Every year over a thousand university students work with more than a hundred open source organizations as part of the Google Summer of Code (GSoC). This post is part of a series of guest posts from students, mentors and organization administrators reflecting on GSoC 2016.

CSE@TU Wien is a loose interest group at the Technische Universität Wien (TU Wien) focused on developing, providing and utilizing free and open source software for research. We’re an umbrella organization for several open source projects and we participate in Google Summer of Code (GSoC) to ensure that future generations continue building open source software for scientific computing.

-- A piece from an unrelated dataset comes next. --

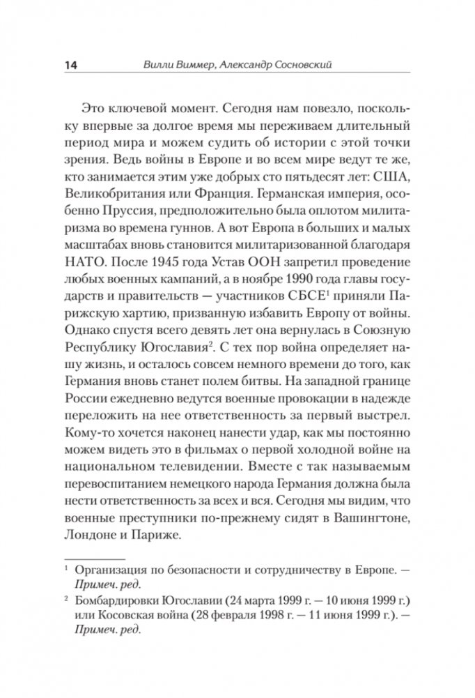 В этой книге профессор Александр Сосновский, публицист и корреспондент многочисленных политических СМИ, обсуждает с экспертом по безопасности и парламентским государственным секретарем Вилли Виммером жесткие, но важные вопросы. Ответы на них помогут прояснить картину истории и по-иному взглянуть на события сегодняшнего дня.

We’ve participated in GSoC most years since 2011, and in 2016 we had ten successful projects. The thematic areas are -- befitting an engineering-focused university -- very diverse. Let’s take a look at the projects and what students accomplished:

Carbon Footprint for Google Maps is a browser extension that calculates CO2 emissions that users would incur by driving on routes suggested by popular mapping services and displays this information alongside time and distance. The aim is to raise awareness of the environmental impact of driving cars.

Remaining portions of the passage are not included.